Ecological Design (Architecture)
Related terms: bioclimatics, ecology, hyperobject, niche, sustainability.
‘Oekologie’ was coined by Ernst Haeckel in 1866 to describe the relationship between the animal and its organic and inorganic environment. The word derives from the Greek oikos, meaning household, home, or dwelling. In everyday discourse, the term ‘ecology’ is often used to refer broadly to the environment, natural systems, or sustainability. According to the Oxford English Dictionary, ecology refers both to the branch of biology that deals with the relations of organisms to one another and to their physical surroundings, and more broadly to “the study of the interaction of people with their environment” (Oxford English Dictionary, s.v. “ecology”).
The term ‘ecological design’ was coined by Sim van der Ryn and Stuart Cowan in their 1996 book of the same title, defined as: “any form of design that minimises environmentally destructive impacts by integrating itself with living processes” (Van der Ryn and Cowan 1996, 18). Today, according to ecological design scholar Lydia Kallipoliti, the definition of the term is multifarious. In her Histories of Ecological Design: An Unfinished Cyclopedia, Kallipoliti summarizes the term’s various meanings to include: “the restitution of moral values in design thinking, to revive an archaic humanist discourse; the substitution of ‘performance’ for ‘function,’ in the hope of restoring a lost modernist and positivist ethos; the post-structuralist denunciation of environmental improvement; and the critical recognition of waste and pollution as generative potential for design” (Kallipoliti 2024, 19).
This entry will chart the term’s evolution and examine its relevance in architecture and design today, as critiques of terms such as sustainability make way for a renewed curiosity towards the potentials of ecological design today.
What follows is a genealogy that traces the path of ecological thinking across disciplines, from biology to design, arriving at the contemporary moment’s questioning of what ecological design is, or could be, today.
Ecology
In On the Origin of Species, Charles Darwin articulated his renowned theory of evolution, in which small changes in combination with environmental fitness resulted in evolutionary advancement. “Variations,” he wrote, “however slight and from whatever cause proceeding, if they be in any degree profitable to the individuals of a species, in their infinitely complex relations to other organic beings and to their physical conditions of life, will tend to the preservation of such individuals, and will generally be inherited by the offspring” (Darwin 1859, 48). These physical conditions (climatic, material, parasites, predators…) are a mesh that is tied into the animal’s specifics and from which the animal cannot be separated.
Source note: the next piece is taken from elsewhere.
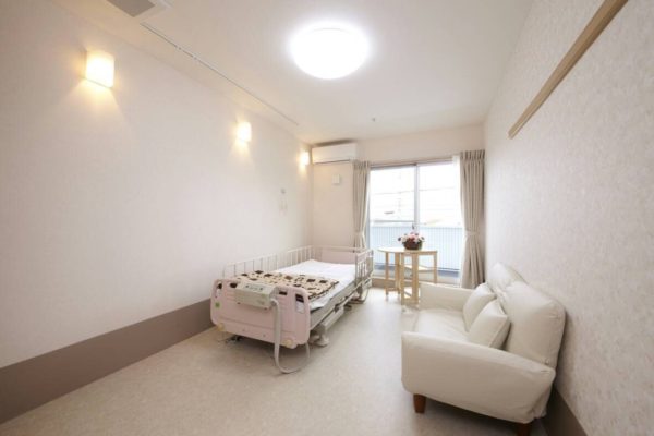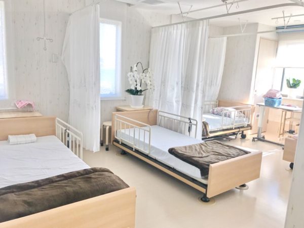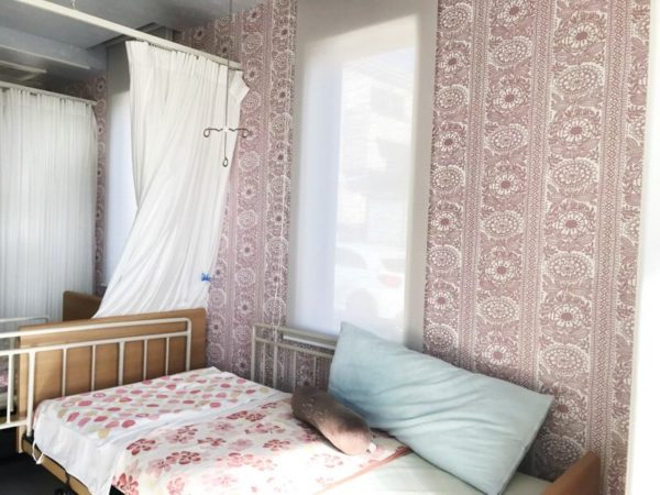 寝たきりの方にお家にいるように気持ちよく過ごしてもらえるように、壁紙からベッド間を仕切るレースのカーテンにまでとことんこだわっています。

Darwin’s theory of course emerged from earlier contributions to natural history. Theophrastus had described the traits of various plant species in relation to their surroundings: soil, moisture, and sunlight (Theophrastus, c. 350–287 BCE [1916]). Closer to his own time, Johann Wolfgang von Goethe had proposed the Urplanze, an ideal plant that morphs in response to climatic difference (Von Goethe 1790, 6). Crucially, where Goethe’s responsive morphology was platonic, i.e. it had an ideal form, Darwin’s was unmotivated and without an original, only existing as an ongoing series of relationships between things.
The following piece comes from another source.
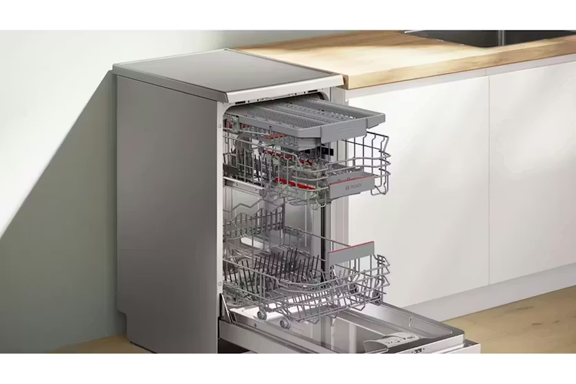 Description Extra Drying Option for Difficult-to-dry Loads Activating the Extra Dry option dries your dishes extra-thoroughly by using a higher temperature during the rinse cycle and a longer drying phase – with just one push of a button. Extra Dry your dishes for those difficult-to-dry loads. Remarkably Quiet Dishwashing Nobody likes being distracted noise. So if peace and quiet are important to you, the lence Plus 44 dB dishwasher is the answer. It's remarkably quiet, so your kitchen stays calm and tranquil. Redefining Racks at a Touch If you don’t have a key ingredient, you change your menu. Can your Slimline dishwasher respond as flexibly to different loads? The Vario Flex baskets and Vario Drawer can. A versatile cutlery drawer is paired with a height-adjustable upper rack. Customize the space to your needs with 6 sets of flip tines, 2 cup shelves, 2 anti-slip elements and stemware support. So grab the sleek basket handles and pull out more packing options. Rackmatic Thanks to the triple Rackmatic system, the height of the top basket can easily be adjusted by up to 5cm, or tilted to just one side so you can fit in large pots and tall stem wine flasses, and still fit your large dinner plates on the bottom rack. And you can do this when its fully loaded, givinvg you more adjustment options and maximum flexibility. Home Connect: An Easy Solution to Help You Get the Most Out of Your Appliance, With Flexible Control and Additional Features Personalise your dishwasher with up to 10 additional programs with Program Download. Whether you are looking for an intensive cleaning cycle for your dirty dishes, or a silent program for your open plan kitchen, it's even easier to find an option that meets your needs. You can also use the Smart Finish Replenishment service to make sure you never run out of dishwasher tabs. Take the Guesswork Out of Cleaning Different loads of washing require different wash settings. Choosing the incorrect programme not only wastes time, but also water and energy. Bosch automatic programmes automatically regulate the water temperature and rinse time during washing to suit the level of soiling and load volume. This means, with automatic programmes you only use as much water as needed for perfect results. The right wash for every load – all at the touch of a button. Your Favourite Function With Just One Touch Make the most out of your dishwasher by simplying your daily life. With the Favourite function you can simply set up your most used programs and options as your favourite combination. The programmed setting can be started via the Home Connect app (available on selected models) or directly on the display with one step. Combine for example the Extra Dry option to the Eco 50° Program and start the dishwasher with only one touch. Personalized settings that get your dishes done by just one touch. Download Programmes for a Perfect Match to Your Everyday Life Sometimes, it can be tough to find a dishwasher programme that suits your individual needs. Bosch dishwashers with Programme Download offer the possibility to download additional programmes via the Home Connect app. Programme Download ensures perfect dishwashing results thanks to programmes that fit your specific needs. Smart Programme Selection Choosing the right programme or each load can be tricky. Programme Assistant makes it easy. Simply answer a few questions in the Home Connect app about the type of load, the level of soiling and personal preferences for energy efficiency, dryness, speed and noise level, and the system recommends the right programme. Then just push start and look forward to your perfectly clean dishware, with minimum effort. Remote Support in Case of an Error It can be annoying when appliances do not work the way they should. Remote Diagnostics is here to help. Simply call Bosch customer service, and with your permission, we can remotely screen your appliance, locate the issue and give you clear advice on how to solve it. In the event an issue cannot be solved, a Bosch service technician can come to your home to resolve the problem, equipped with all the necessary parts already to hand. Smart support, smart solutions. Product Features: Aquasensor Automatic detergent detection Remote Monitoring and Control Programme duration: 3:40 h Maximum adjustability feet: 20 mm Vario Flex basket system Upper rack cup shelf Lower rack cup shelf Glass rack in bottom basket Tamperproof controls AntiFingerprint surface coating 6 programmes: Eco 50 °C, Auto 45-65 °C , Intensive 70 °C, Express 65°, Silence 50 °C, Favourite Read More

This network, this set of relations between the animal and the environment, is what Ernst Haeckel, a few years after Darwin’s publication, would call Oekologie: “the comprehensive science of the relationships of the organism to its surrounding environment, where we can include, in the broader sense, all ‘conditions of existence’” (Haeckel 1866, 286).
An alternative definition proposed in 1892 by Ellen Swallow Richards might have tied the term to something closer to home (Clarke and Swallow 1973, 55). Richards proposed the term ‘human ecology’ to apply scientific principles to the domestic setting, hoping to promote good living conditions. But the British Medical Journal’s definition won out, in which ‘oekology’ was described as a branch of morphology and physiology based on the “exploitation of the endless phenomena of animal and plant life as they manifest themselves under natural conditions” (British Medical Journal 1873, 384).
In 1917, D’Arcy Thompson’s diagrams of variations of species through geometric transformations attempted to visually represent the relationship between the form and external forces in evolution. For example, in his “Evolution of Body Form” diagram, Thompson overlayed a grid on diagrams of two pairs of fish (Argyropelecus Olfersi/Sternoptyx diaphana, and Diodon/Orthagoricus) and deformed them to demonstrate how each might be a mathematical transformation of the other.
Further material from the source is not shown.